Mayor's Task Force Revamped as Fatal Overdoses Increase

The number of fatal drug overdoses so far this year are already close to eclipsing 2016's totals, according to the Vanderburgh County Coroner Steve Lockyear. Meanwhile, in order to better address drug use in Evansville, Mayor Lloyd Winnecke's No Meth Task Force has been revamped into the Substance Abuse Task Force.

So far this year, there have been 45 fatal overdoses, Lockyear said. That figure does not include cases in which toxicology test results are still pending. In 2016, there were 50 fatal overdoses. Of the 45 deaths so far in 2017, at least 15 of those are directly tied to heroin, fentanyl or some combination of the two.

"Overdoses overall have exploded this year," Lockyear said. "The concern we always have with heroin and fentanyl death are that they come in groups when we have a new fatal shipment , so to speak, comes to town."

The heroin epidemic has continued to shatter families, in addition to straining Lockyear's budget. The coroner's office hired an additional investigator whose caseload is already mounting, Lockyear said.

"We'll spend over $150,000 this year on the cost of investigating overdose deaths," Lockyear said. "The impact financially on the taxpayers is great. Even going past the overdose and investigation is the burial cost to the taxpayers and the families."

The growing number of overdoses comes as Mayor Winnecke's 'No Meth Task Force' has been broadened to include all forms of substance abuse. The new-look Substance Abuse Task Force features more than 20 professionals who deal with different aspects of substance abuse, including law enforcement, prevention, addiction treatment, public health and more.

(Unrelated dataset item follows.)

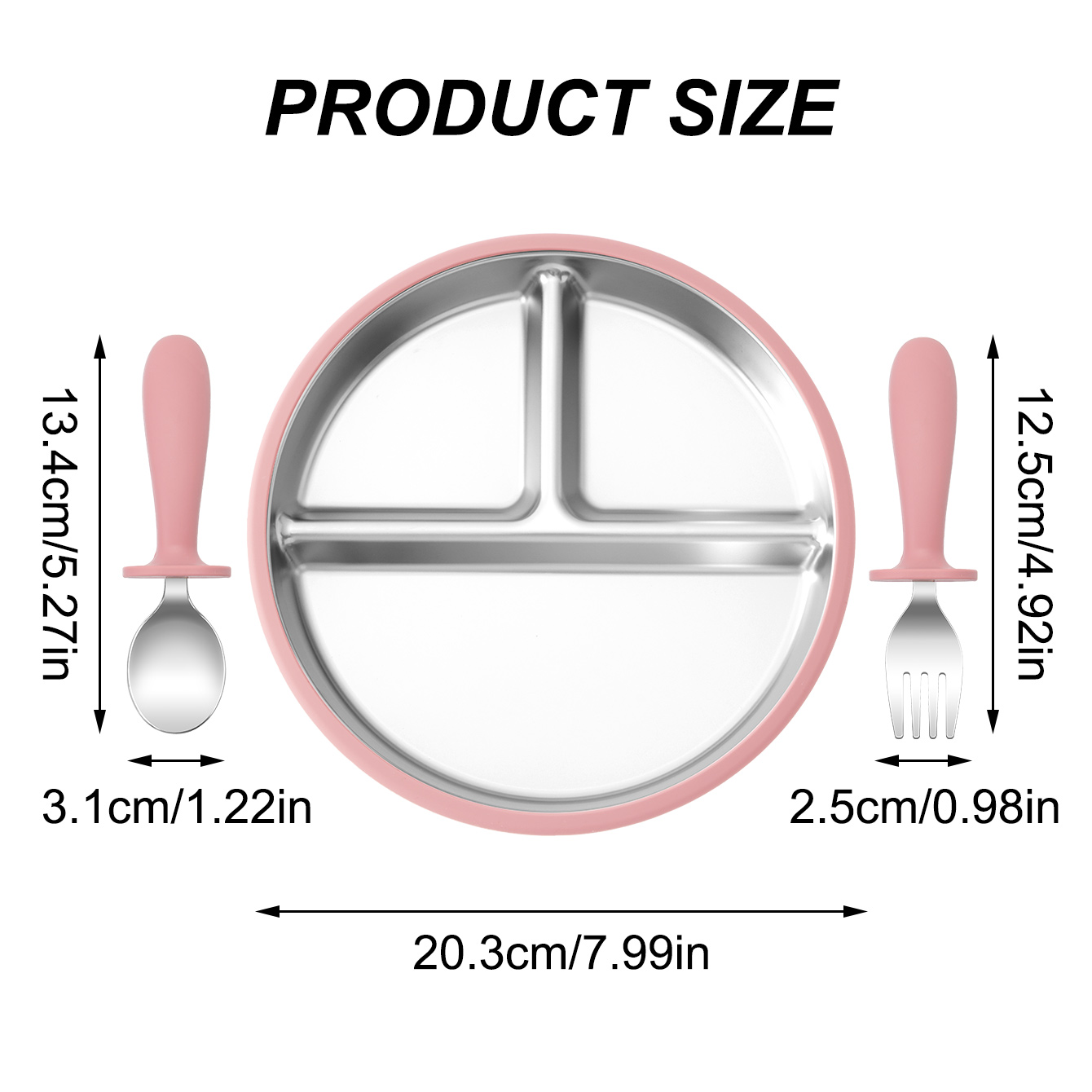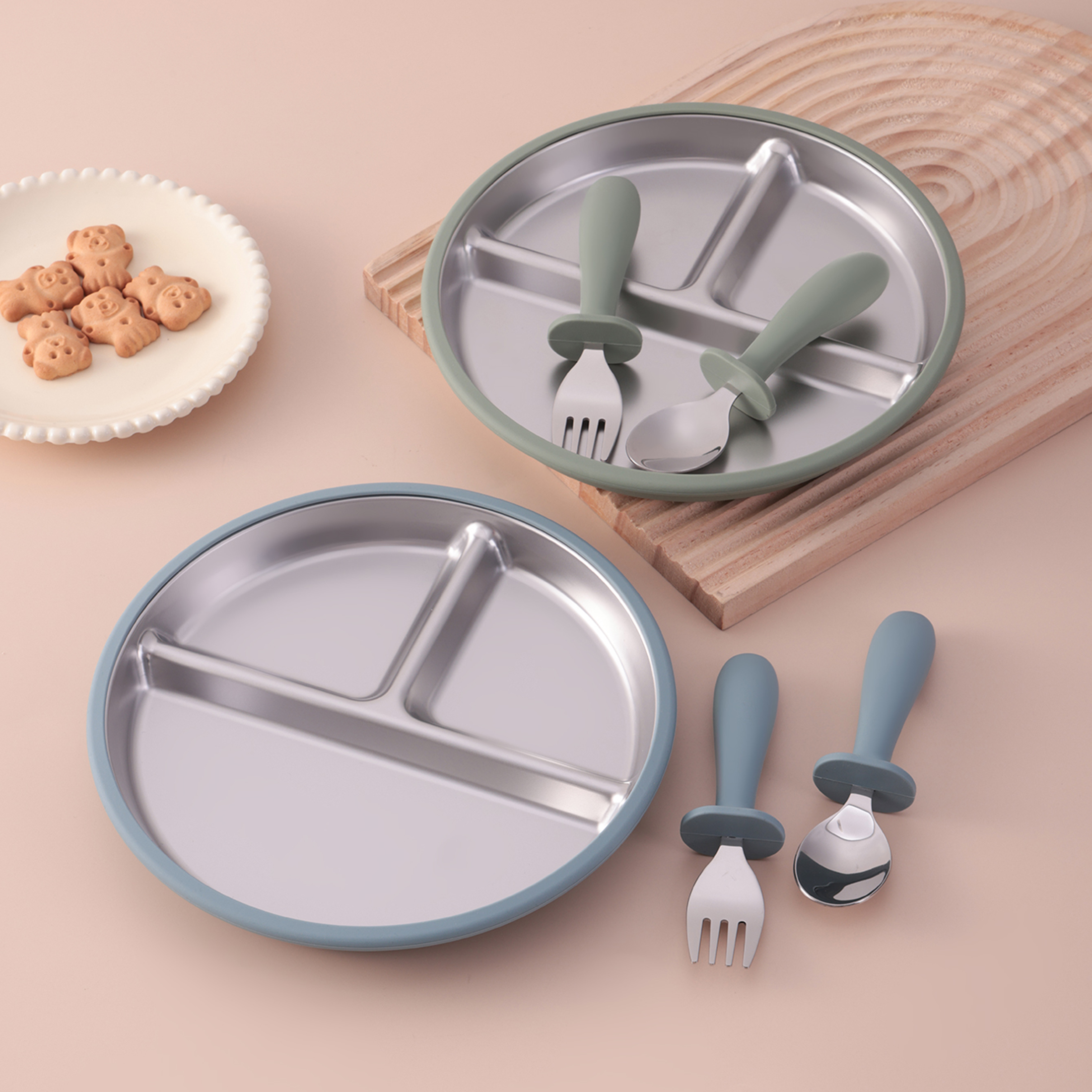 This set includes a stainless steel plate, fork, and spoon—all sized just right for tiny hands and mouths. The plate features smooth edges and a practical shape to hold a variety of foods, while the fork and spoon have gentle silicone handles for an easy grip. Perfect for babies aged 6 months to 6 years, this set supports your child’s journey toward self-feeding with confidence and ease.

The reason for the changes is due to the continued evolution of drug use in the city and county, Winnecke said. The task force hopes to compile data from various stakeholders in order to better identify and address substance abuse-related issues.

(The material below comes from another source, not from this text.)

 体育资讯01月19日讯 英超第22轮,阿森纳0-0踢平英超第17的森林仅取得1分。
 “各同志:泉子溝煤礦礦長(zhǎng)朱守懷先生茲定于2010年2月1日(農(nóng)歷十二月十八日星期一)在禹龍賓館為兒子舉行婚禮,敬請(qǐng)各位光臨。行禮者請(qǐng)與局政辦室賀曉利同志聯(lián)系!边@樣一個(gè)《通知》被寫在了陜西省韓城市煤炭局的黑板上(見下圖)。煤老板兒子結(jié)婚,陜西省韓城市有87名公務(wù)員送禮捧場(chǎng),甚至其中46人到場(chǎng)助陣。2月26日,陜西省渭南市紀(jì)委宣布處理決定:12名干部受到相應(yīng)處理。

"Every institution that provides assistance to those who have substance abuse issues keeps records in a different way so we're trying to track records from our area hospitals, our health providers, treatment centers, law enforcement and the jail," Winnecke said.

While it has a new name and a new website, the task force's overall goals will be the same: help the community understand and effectively address the problem of substance abuse; promote effective ways to prevent substance abuse, and help promote access to treatment and recovery.

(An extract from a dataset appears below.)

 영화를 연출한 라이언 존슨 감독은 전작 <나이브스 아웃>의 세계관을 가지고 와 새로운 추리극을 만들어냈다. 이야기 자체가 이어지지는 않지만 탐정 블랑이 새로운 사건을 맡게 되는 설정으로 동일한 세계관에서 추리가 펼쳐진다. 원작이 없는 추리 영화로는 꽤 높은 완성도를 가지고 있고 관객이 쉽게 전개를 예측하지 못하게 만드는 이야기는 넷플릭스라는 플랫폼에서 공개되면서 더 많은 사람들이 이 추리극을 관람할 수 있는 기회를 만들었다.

There's also the battle to overcome the stigma of addiction.

"We've often referred to people as addicts and junkies which carries, in many ways, a negative connotation," said Dr. William Wooten, the task force's chairman. "That stigma, according to researchers, is a major barrier to those seeking help. There's a lot of shame, guilt, remorse... about seeking help if you have a problem you don't want to tell anybody about."

Lockyear said the mayor's revamped task force is a great idea. More education and more awareness can only help, Lockyear said. Overall, it appears that local residents are beginning to fully realize how significant the issue is, Lockyear said.

"I think they are learning. It's become so prevalent and widespread that they know somebody or heard of somebody who has died from this," Lockyear said.

In addition to an increasing number of fatal drug overdoses, suicides are also experiencing a spike, Lockyear said. There have been a total of 38 suicides so far this year, compared to 40 total last year. A large majority of the suicides this year had some sort of substance abuse as a precursor, Lockyear said.